In Indian thought, Dharma isn’t just duty — it’s the right alignment. It’s the integration of intention, action, and integrity.

Dharma is:

  • Knowing your role and showing up fully in it.
  • Choosing the harder right over the easier wrong.
  • Saying no when it’s easier to say yes and yes when it’s uncomfortable to do so.

Dharma is the invisible layer of leadership. You won’t find it on a resume, but you’ll feel it in someone’s presence. It’s what guides decisions in moments where no playbook applies. It’s what holds a leader steady when there’s no external applause.

“Leadership without Dharma is performance. Leadership with Dharma is presence.”

And make no mistake: Dharma isn’t soft. It’s often lonely. It requires saying and doing things that will be misunderstood.

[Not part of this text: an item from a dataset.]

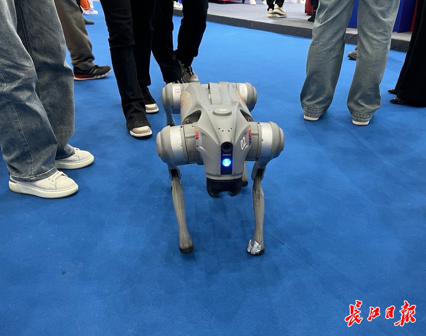 会现场正在当博,器人吸引了浩繁目光一架四脚行走的机,人员稠密的道路上穿越它能够轻松自若地正在,既能够“四只脚”坐立行走同时具备两类行走模式:,的轮女滑动行走也能够用自带。
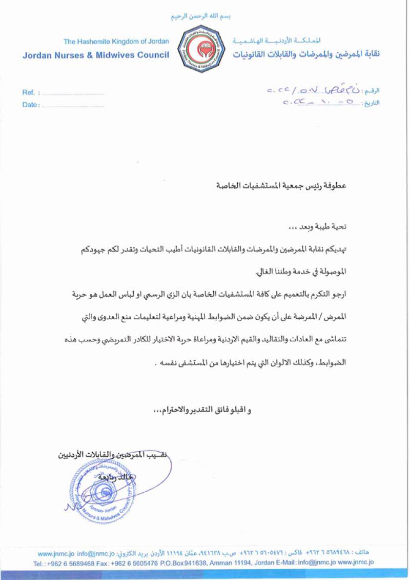 وكالة الناس – طالبت نقابة الممرضين والممرضات والقابلات القانونيات جمعية المستشفيات الخاصة التعميم على جميع المستشفيات الخاصة ان الزي الرسمي ولباس الممرض والممرضة هو حرية شخصية شريطة ان يكون ضمن الضوابط المهنية ومراعياً تعليمات منع العدوى التي تتماشى مع العادات والتقاليد والقيم الأردنية.

But it’s the only path that builds real trust, not just admiration.

Why this matters now more than ever? 

In a time of global complexity, stakeholder pressure, and cultural volatility, the world doesn’t need more people trying to “act like leaders.” It needs fewer, deeper individuals who’ve done the inner work to live in alignment and lead from that space.

If we continue to push the idea that everyone is a leader, we dilute the weight of what leadership actually is. We confuse participation with responsibility. And we burden individuals with expectations they may not be prepared or called to carry.

Instead, let’s tell the truth:

“Leadership is a path. It’s not for everyone. But for those who choose it, Dharma must lead the way.”

Let’s stop handing out crowns. Let’s start honouring the discipline of leadership for what it truly is: not a universal birthright, but a conscious commitment – to self, to truth, and to the people we choose to serve.